Neste sentido, as potencialidades das práticas educativas intencionais dos movimentos
sociais podem ser verificadas de forma indireta e quase inconsciente, na medida em que
ocorre por meio de vivências cotidianas e por meio do estabelecimento de novas interações
sociais. Podem ocorrer a partir de uma característica mais formal por meio de cursos de
formação e dos processos de ensino e aprendizagem dos princípios, práticas e documentos do
movimento em questão. Os movimentos sociais se configuram como um local de
aprendizagem diverso e plural, uma vez que as/os militantes e as pessoas que são por estes
aproximadas atuam dentro do coletivo visando a sua expansão, onde as manifestações,
passeatas e apitaços, por exemplos, podem ser apontados como ações motivadoras.
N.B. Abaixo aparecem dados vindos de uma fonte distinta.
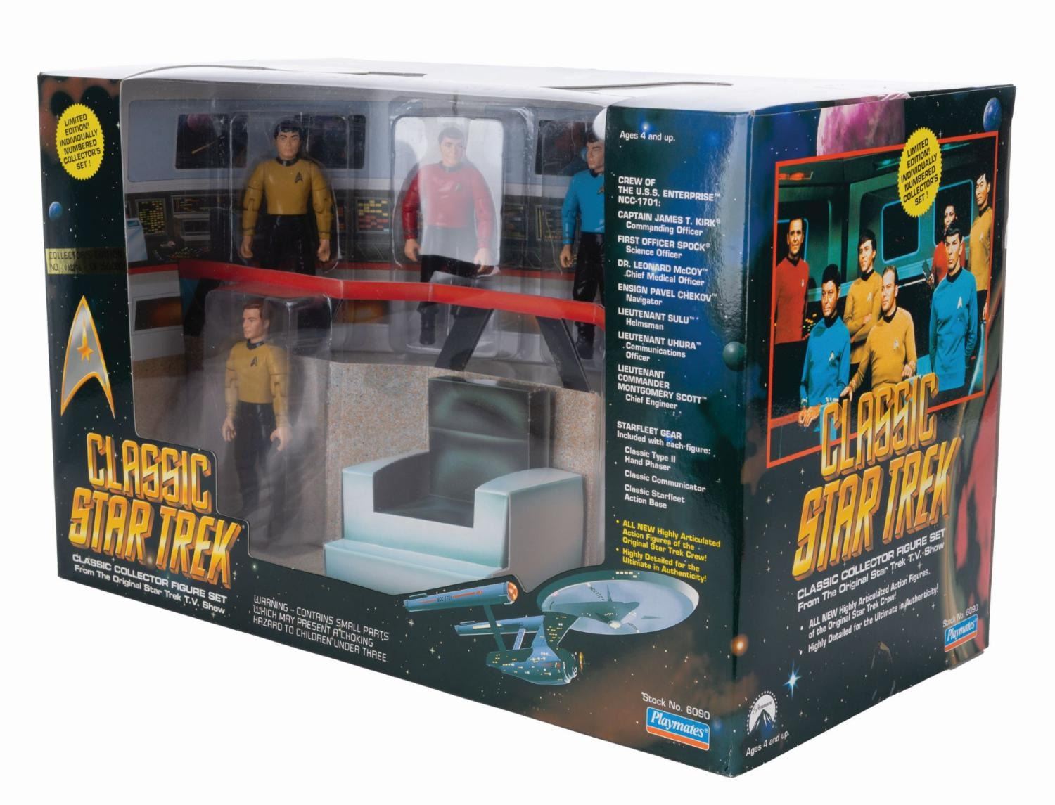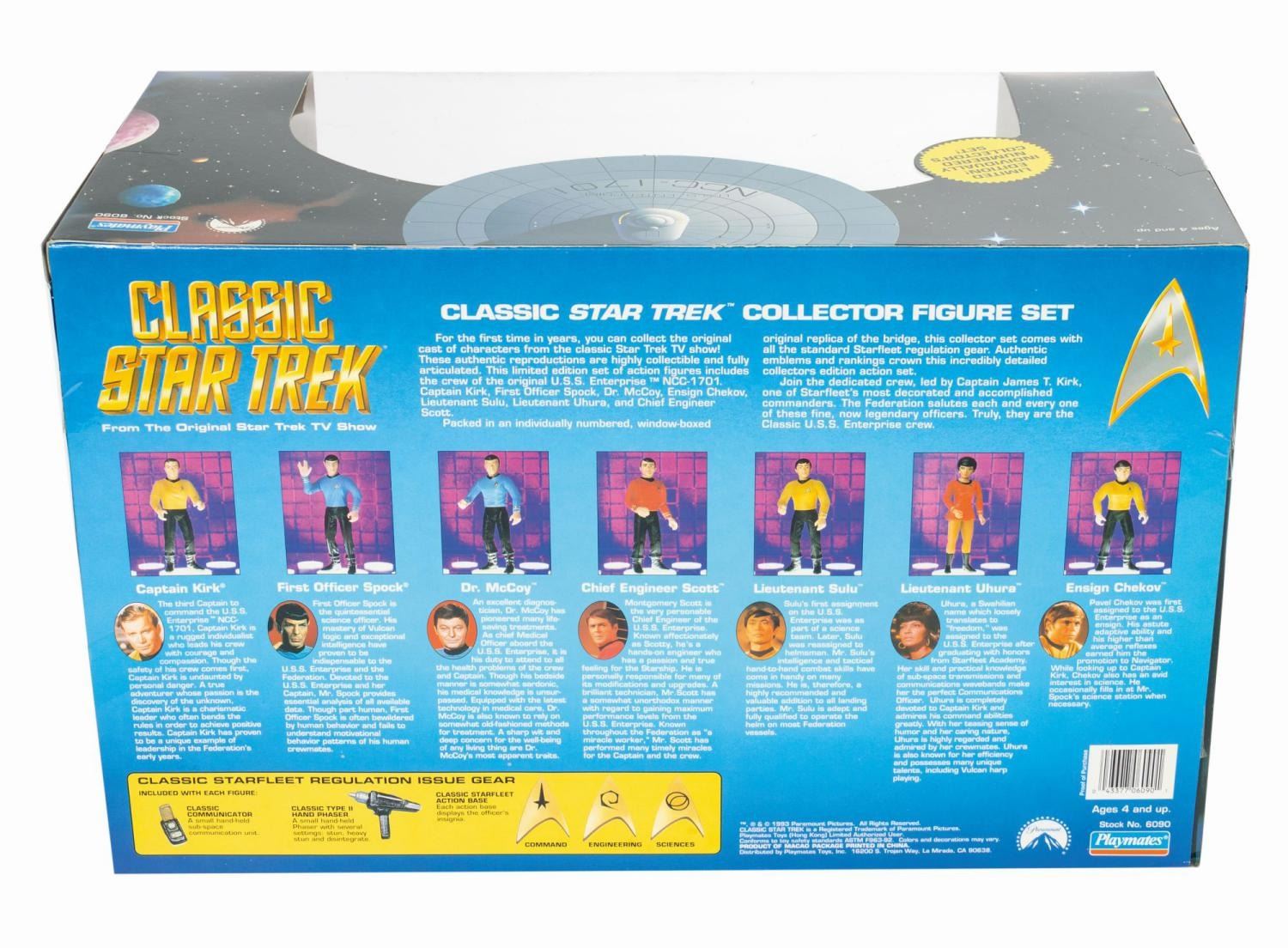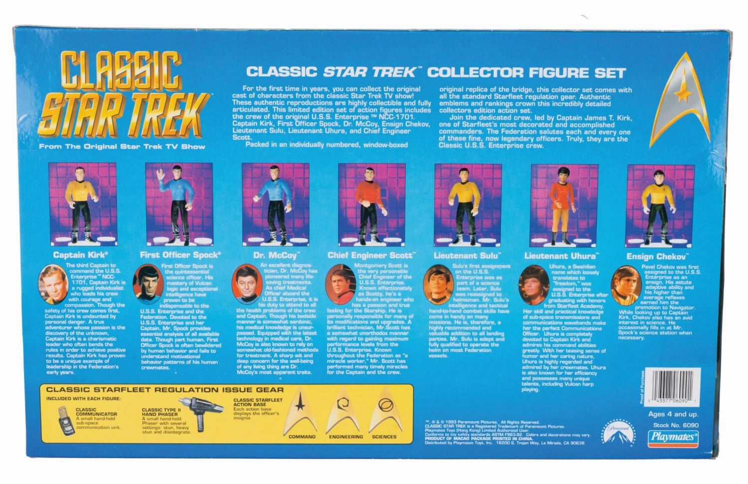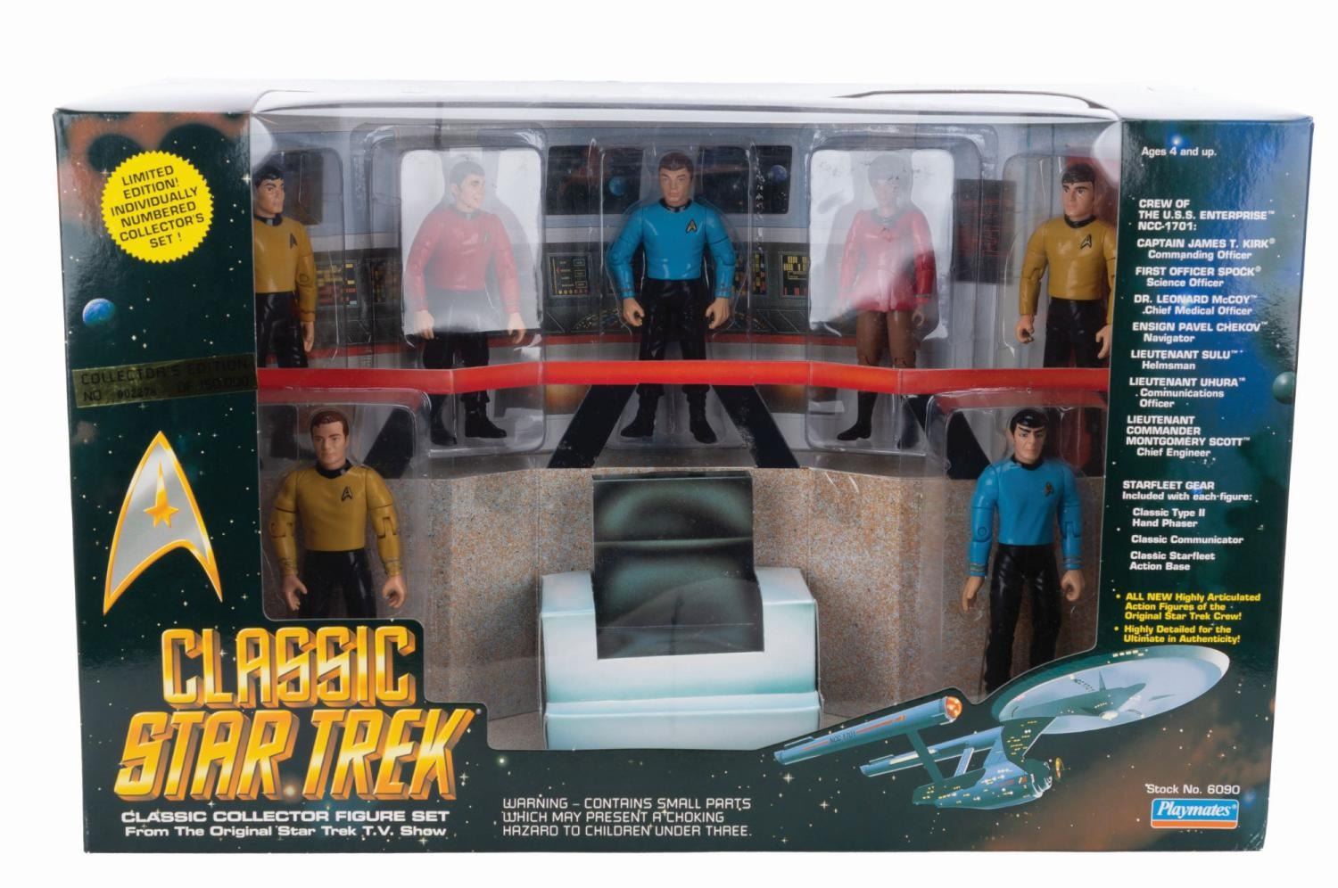 (Playmates, 1993) A complete factory cardboard case of three limited edition Star Trek Classic Collection figure sets. Only removed from their brown factory box for photography and condition inspection, each set contains 7 figures based on The Original Series, displayed in their windowed box recreation of the bridge. Each set is numbered, with this case containing sets 002277- 002279 of 150,000, and each measures 10.5" x 17" and 8.5" deep. The condition is very fine, with minor box wear to the sets, including a small tear at the edge of box 002279, attributed to the manufacturing process.
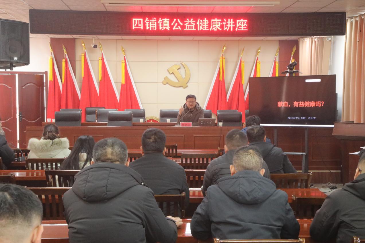 2月2日,濉溪县四铺镇举办公益健康讲座,旨在普及无偿献血科学知识,倡导奉献精神与社会责任感。镇直机关干部职工及各行政村党组织负责同志参加了此次讲座。
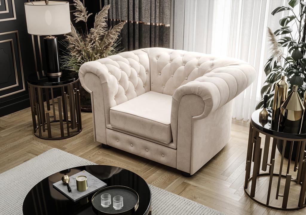 Manchester je rodina nábytku v anglickém stylu, která se vyznačuje hlubokým prošíváním s dokončením knoflíkem nebo krystalem. Kolekce se skládá z pohovek vybavených funkcí spaní nebo bez ní, a také z křesel a pufů. Na půvabu jí dodávají také dřevěné, ručně malované nožky.
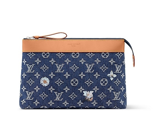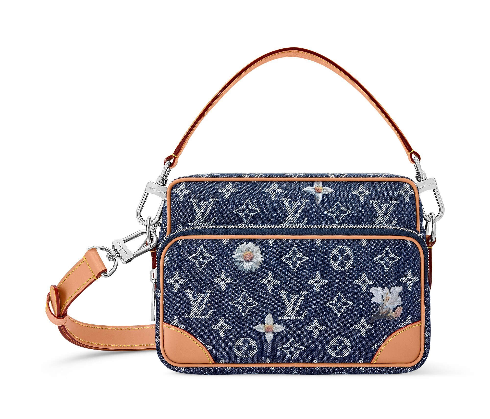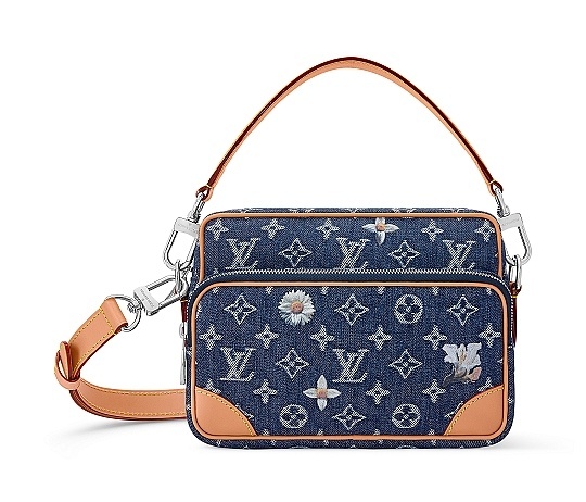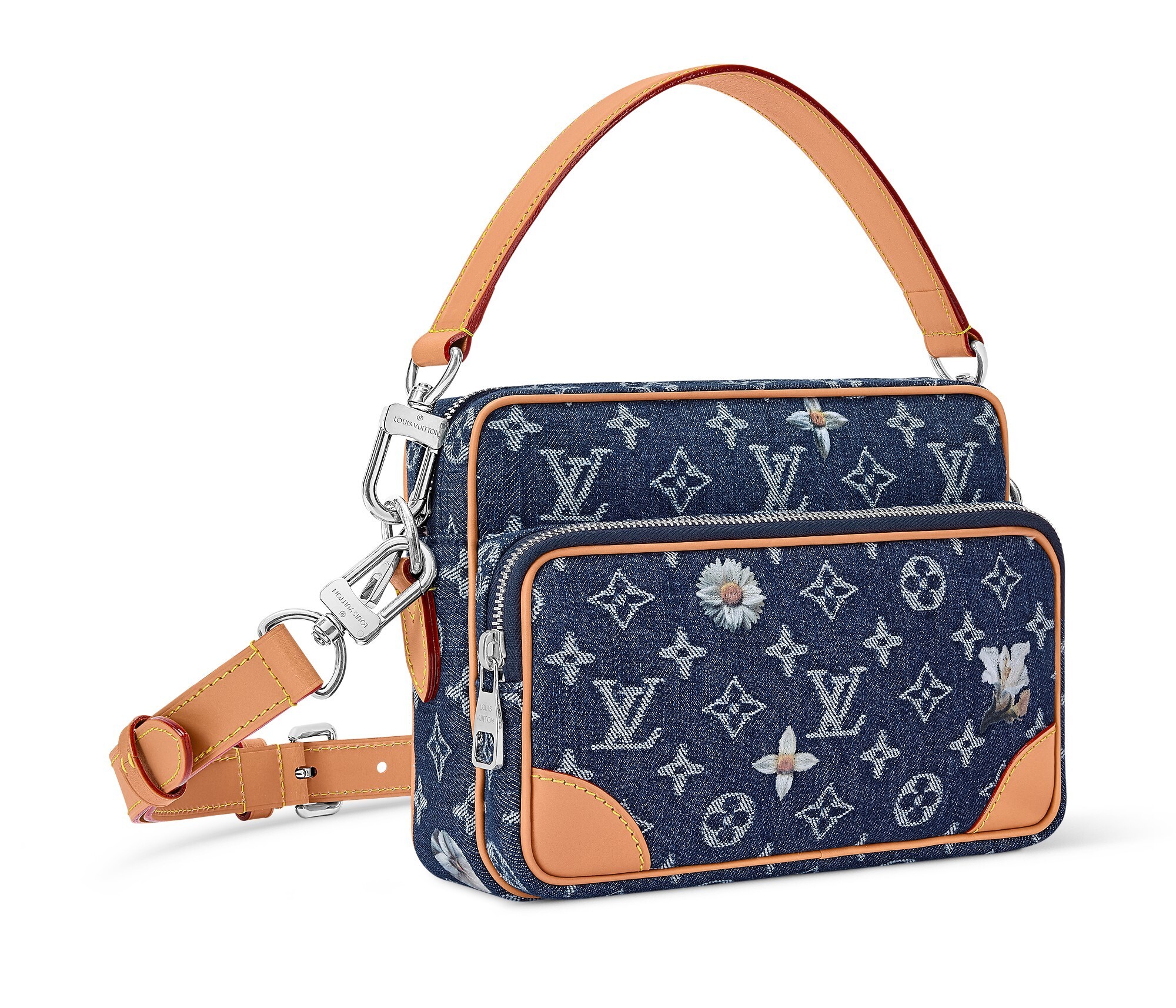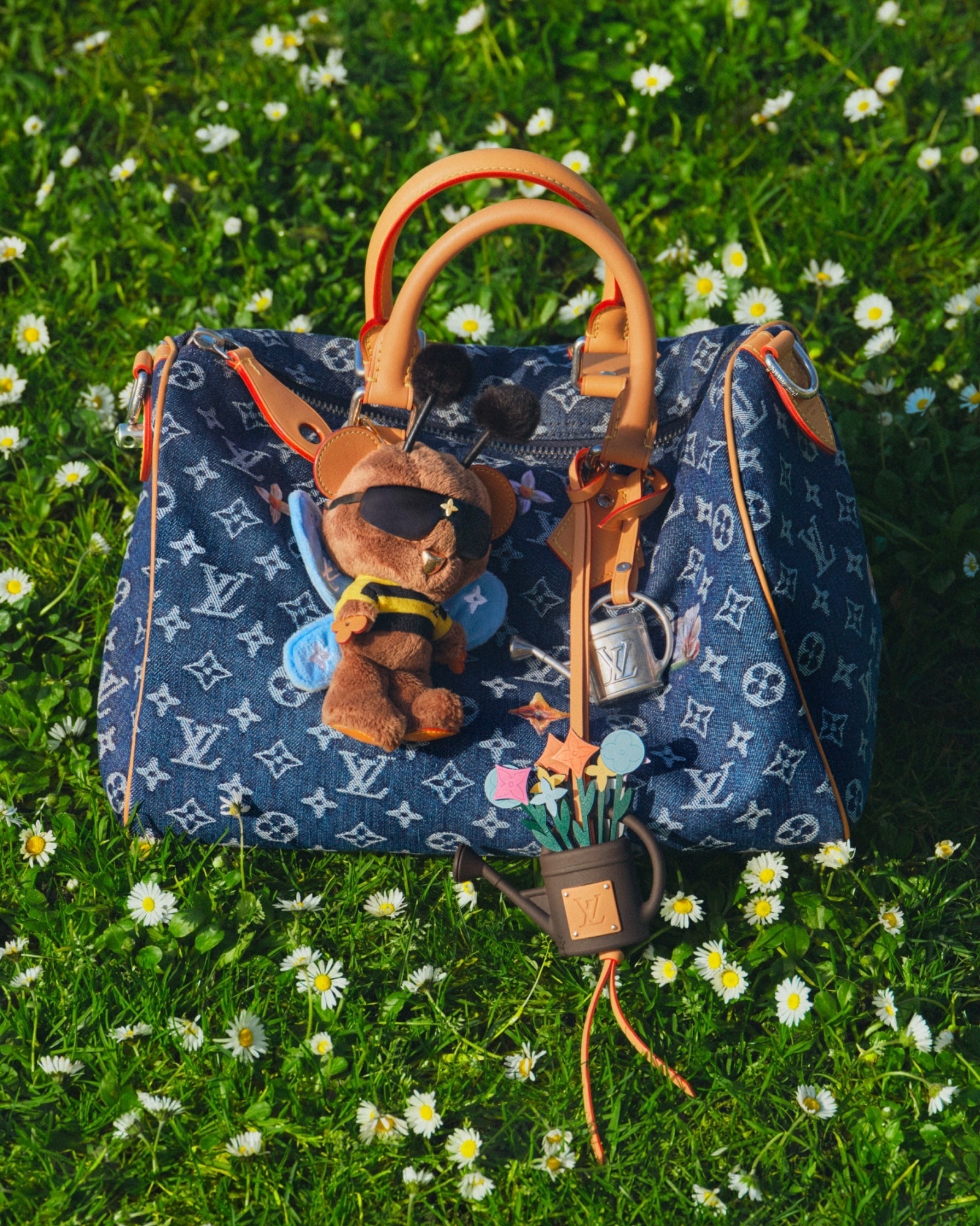 新季 Speedy 手袋推出30和18两种尺寸,采用深蓝色 Monogram 丹宁布为背景,通过刺绣工艺在 Monogram 图案中融入四照花、雏菊、龙胆等精致花卉刺绣,还有专属的浇水壶挂饰用来「浇灌」包包上的花花草草,诙谐设计展露闲逸情致。

No caso específico da Marcha, a vivência com homens e mulheres cis, transexuais,
transgêneros e homossexuais, bem como as particularidades atribuídas às questões de classe,
de raça/etnia e de identidades e culturas diferenciadas produzem um ambiente bastante
fecundo para que novas formas de aprendizado sejam desenvolvidas. As motivações das sias
militantes possibilitam a recriação e criação de novas identidades que, por sua vez, alteram
visões de mundo e sobre como agir no mundo. Um novo sujeito político se forma a partir da
vivência, do trabalho prático empregado dentro de movimentos sociais, como entendo ser o
caso da Marcha.
Considerações Finais
A pesquisa ainda está em andamento e pretende aprofundar na descrição das
potencialidades educativas vivenciadas na Marcha das Vadias. No entanto, já se pode
observar que, devido ao alto grau de complexidade que o movimento apresenta em sua
constituição e ao fato de se configurar como um movimento novo, este estudo possibilitará
maior diálogo sobre práticas educativas baseadas na experiência e no aprendizado por meio de
ações.
Dentro de ações e atuações como as que foram planejadas e desempenhadas no evento
do Dia Internacional da Mulher é possível perceber de que forma as participantes podem se
formar, sob o ponto de vista de utilização destes espaços para a formação de mulheres que
partilham dos ideiais de solidariedade e respeito à diversidade. Bem como o processo de
criação de identidades individuais e/ou coletivas que são marginalizadas pela cultura
hegemônica baseada no etnocentrismo, na heteronormatividade, no sexismo e em outras
ideologias dominantes. Em momentos como os que foram apresentados ao longo do trabalho,
é possível a percepção de que a transgressão (de gênero, sexo, cultura, etc.) proporcionada e
incentivada por este movimento por si só já apresenta uma possibilidade de aprendizado que
não concorre com a que ocorre em ambientes formais de ensino, mas que, ao contrário,
complementa tais conhecimentos. O perfil de militantes com alto grau de instrução é um dado
que vem a reforçar esta hipótese. A possibilidade de que a Marcha das Vadias, bem como
qualquer outro movimento social, possa ser um espaço privilegiado de formação baseada nos
preceitos de tolerância e de coexistência pode ser a maior contribuição desta discussão.